→ INSTRUCTIONS FOR THE TASK:
Your task is to transcribe all the entries exactly, excluding pictures.

[Dataset items]
----------------------------------------
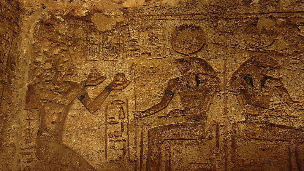 这幅浮雕描绘的是拉美西斯二世向神灵献祭的场景
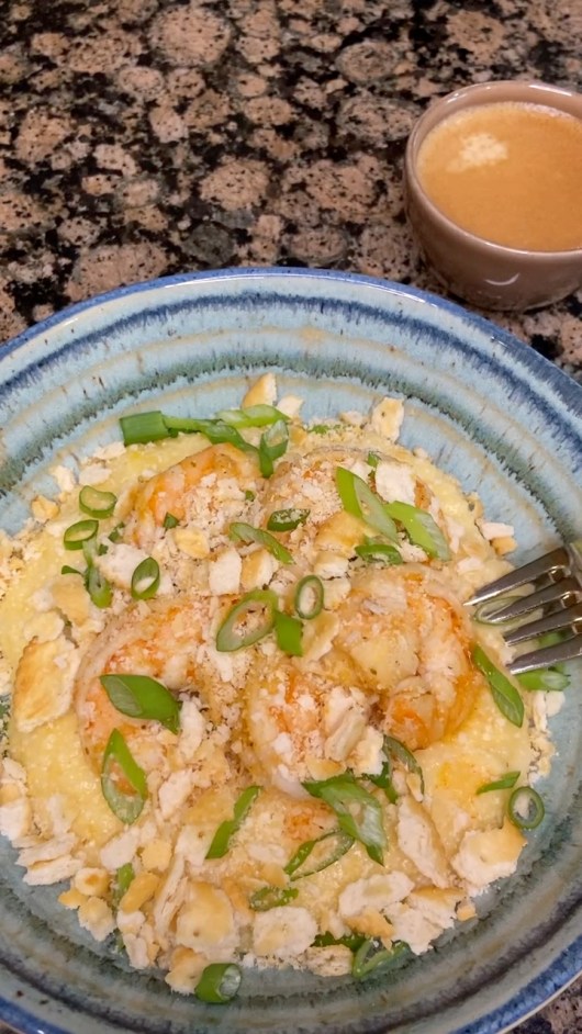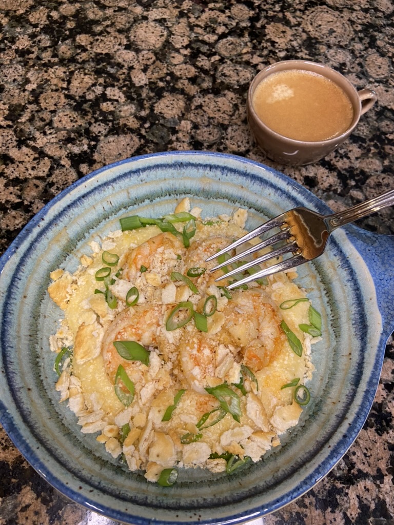 -Serve in a bowl, add the shrimp, scallions, extra tabasco, and whatever crunchy topping you could find.
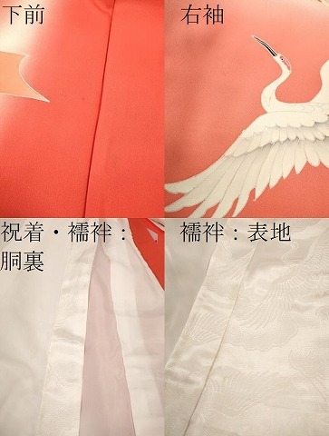 産着【表地:正絹・胴裏:化繊、襦袢:化繊】の状態は接写画像のように下前・右袖・襦袢の紐・祝着の胴裏・襦袢の胴裏・襦袢の表地所々に薄い汚れがございます。 お安く出品致しますので、是非この機会にいかがでしょうか? |
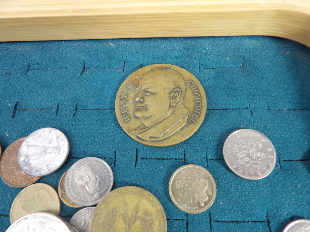 Une collection de monnaies françaises et du monde (environ 2 kg) une médaille Churchill
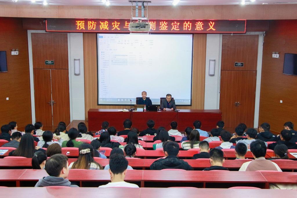 会上,耿福宝以我国建筑行业现状引出报告会主题,围绕事故典型案例,从事故起因、存在问题、处理方法、启示经验等方面展开讲解。随后,耿福宝介绍了建筑物防灾与鉴定的必要性以及相关工作规范,重点解读了其中蕴含的防灾减灾科学与工程专业知识,并向与会学生提出了专业学习与个人职业发展规划的建议。耿福宝希望同学们要增强全社会防灾减灾意识,努力学习夯实预防减灾与检测鉴定基础,积极普及推广全民防灾减灾知识和避灾自救技能,用自己的专业所学,最大限度服务社会减轻自然灾害的损失。
----------------------------------------
→ ANSWER SPACE:
 这幅浮雕描绘的是拉美西斯二世向神灵献祭的场景
 -Serve in a bowl, add the shrimp, scallions, extra tabasco, and whatever crunchy topping you could find.
 産着【表地:正絹・胴裏:化繊、襦袢:化繊】の状態は接写画像のように下前・右袖・襦袢の紐・祝着の胴裏・襦袢の胴裏・襦袢の表地所々に薄い汚れがございます。 お安く出品致しますので、是非この機会にいかがでしょうか? |
 Une collection de monnaies françaises et du monde (environ 2 kg) une médaille Churchill
 会上,耿福宝以我国建筑行业现状引出报告会主题,围绕事故典型案例,从事故起因、存在问题、处理方法、启示经验等方面展开讲解。随后,耿福宝介绍了建筑物防灾与鉴定的必要性以及相关工作规范,重点解读了其中蕴含的防灾减灾科学与工程专业知识,并向与会学生提出了专业学习与个人职业发展规划的建议。耿福宝希望同学们要增强全社会防灾减灾意识,努力学习夯实预防减灾与检测鉴定基础,积极普及推广全民防灾减灾知识和避灾自救技能,用自己的专业所学,最大限度服务社会减轻自然灾害的损失。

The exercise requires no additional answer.